25C-NBOMe is a psychedelic drug and derivative of the psychedelic phenethylamine 2C-C. 25C-NBOMe appeared on online vendor sites in 2010 but was not reported in the literature until 2011. It acts as a potent agonist of the 5-HT2A receptor, and has been studied in its 11C radiolabelled form as a potential ligand for mapping the distribution of 5-HT2A receptors in the brain, using positron emission tomography (PET). Multiple deaths have occurred from usage of 25C-NBOMe due to the ease of accidental overdose. The long-term toxic effects of the drug have not been researched.
25B-NBOH is a derivative of the phenethylamine derived hallucinogen 2C-B which has been sold as a designer drug. It acts as a potent serotonin receptor agonist with similar affinity to the better-known compound 25B-NBOMe at 5-HT2A and 5-HT2C receptors with pKis values of 8.3 and 9.4, respectively.
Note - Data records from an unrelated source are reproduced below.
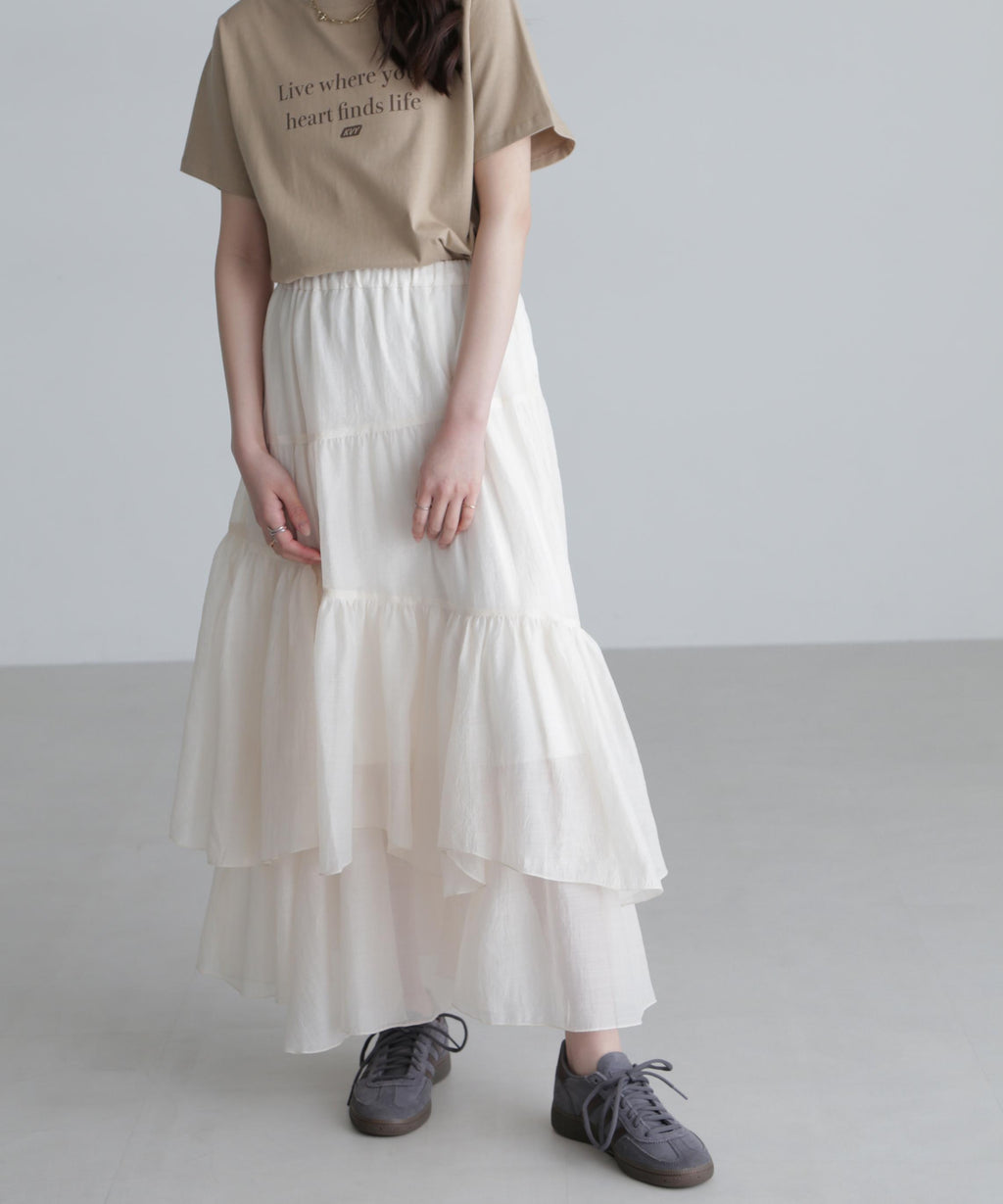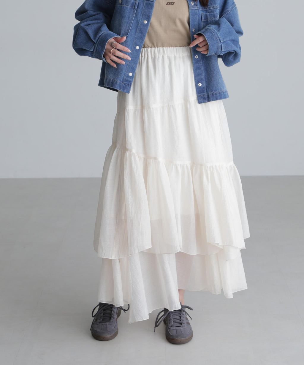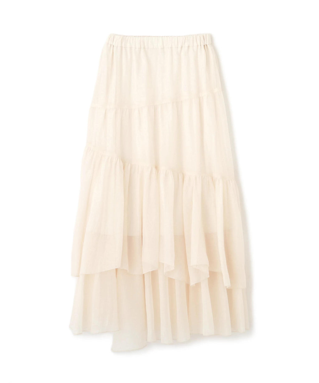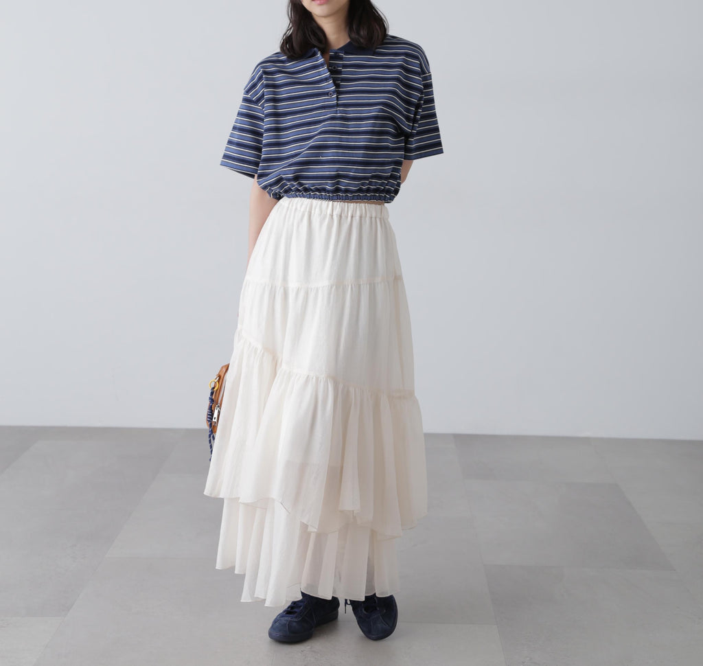[fabric&design] A tiered frill skirt with a light volume and sheer feeling that creates a glamorous impression. The asymmetric switching and the dynamic hemline are key points. The silhouette with a gentle sway every time you walk offers a feminine charm, making it a truly attractive piece. The waist is elastic, and a soft lining that prevents transparency is used for comfortable wear. [styling] Besides a compact knit, it is recommended to pair with a color-block line polo shirt or a logo T-shirt for a sweet and spicy mix coordinate.
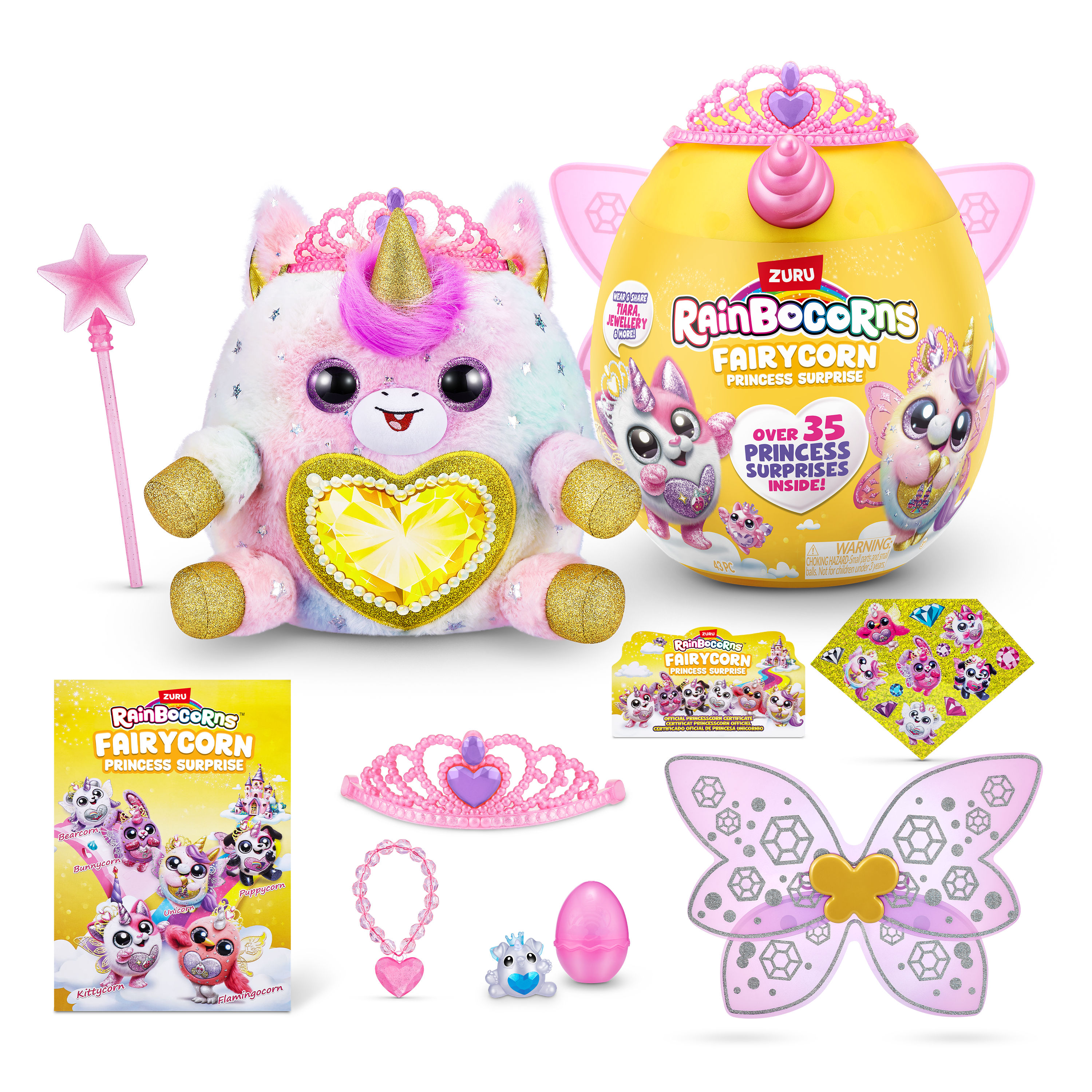 Unicornul Rainbocorns, Ruby este acum si mai special, avand aripi si fiind pictat in cele mai frumoase pasteluri. Ascunde surprize magice care te vor purta pe taramuri fermecate, unde jocul este mult mai distractive. In interiorul oului vei gasi 10 surprize minunate, printre care un Fairycorn, o inima detasabila, aripi, un boo-boocorn, slime care isi schimba culoarea, stickere, ghidul colectionarului si multe alte surprize. Descopera toate accesoriile din interiorul oului si combina-le pentru a avea parte de o distractie superba!
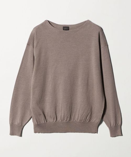 襟のないボートネックデザインがポイントのニットです。
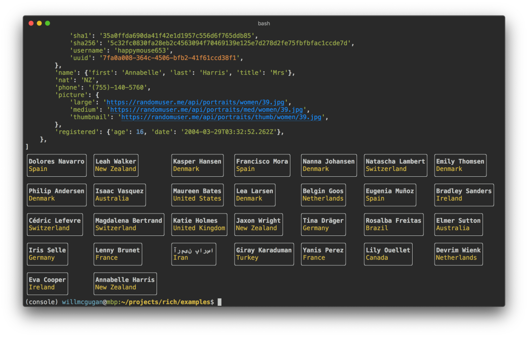 默认情况下,Rich 将针对 Python 结构和 repr 字符串进行语法突出显示。如果你记录一个集合(如字典或列表),Rich 会把它漂亮地打印出来,使其切合可用空间。下面是其中一些功能的示例:

2C-B-BUTTERFLY is a conformationally-restricted derivative of the phenethylamine hallucinogen 2C-B, which was discovered in 1999 by Michael S. Whiteside and Aaron Monte. It is a ring-expanded homologue of the better known compound 2C-B-FLY, and has similar properties as an agonist for serotonin receptors, but with more selectivity for 5-HT2C over 5-HT2A.
25B-NBF is a derivative of the phenethylamine hallucinogen 2C-B, which acts as a highly potent partial agonist for the human 5-HT2A receptor.
25G-NBOMe (NBOMe-2C-G) is a derivative of the phenethylamine hallucinogen 2C-G, which acts as a highly potent agonist for the human 5-HT2A receptor.